With over 1800 people having signed the official petition (something Simon Furse tells us spans 30 metres if laid out) and a turnout of around 200 people to the protest, it is evident that this campaign has a vast amount of support outside of the IAA department. Following cuts made to the Sociology department, students have recognised what effects actions like this will have, and that the decisions are not contained.
The closure of this department would set a dangerous precedent for other departments at the University, with minds immediately drawn to the futures of the Social Sciences, Law and Business. Despite the University’s colossal turnover of £125 million in the previous five years, and the trebling of tuition fees, we are expected to sit back and accept the possible closure of these departments.
Simon Furse, Guild Vice President (Education) branded the University as having “real contempt for students”, and “keeping students in the dark” about the process by holding the consultation during the summer break.
The attitude was no different within the crowds; it was clear that the same thought was on everyone’s minds, despite their course or their position. Theology PHD Student, Will said it seemed that “once they’ve finished cutting Archaeology, they’ll cut other courses which don’t seem so lucrative”.

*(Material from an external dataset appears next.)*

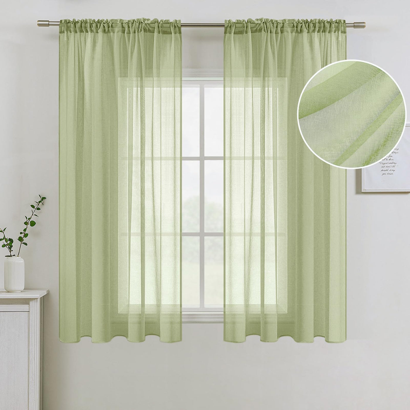 Miulee Sage Green Linen Textured Sheer Curtains For Bedroom Living Room, Semi Transparent Farmhouse Window Treatment Drapes With Rod Pocket 2 Panels W 54 X L 54 Inches Long Spring Decor

Meanwhile, also amongst the protestors, was Robert Killick OBE, who studied Archaeology at PHD level in the 1980s. Asked why he was at the protest, he said “I am here to support my fellow Archaeologists. It is a disgrace the University is closing such an illustrious institute, one that has many achievements to its name and is often reported in national press”.
Well-supported and a success, the march began at the Main Library before heading to the Vice-Chancellor’s Office in the Aston Webb building (where protestors were, hilariously, greeted with a small police presence) before returning to the main library.
It is appalling and disgusting that the University are considering such destructive action against such a fantastic department at the University, seriously affecting both students’ and staffs’ futures. These decisions are life-changing and it’s not something we should sit back and accept.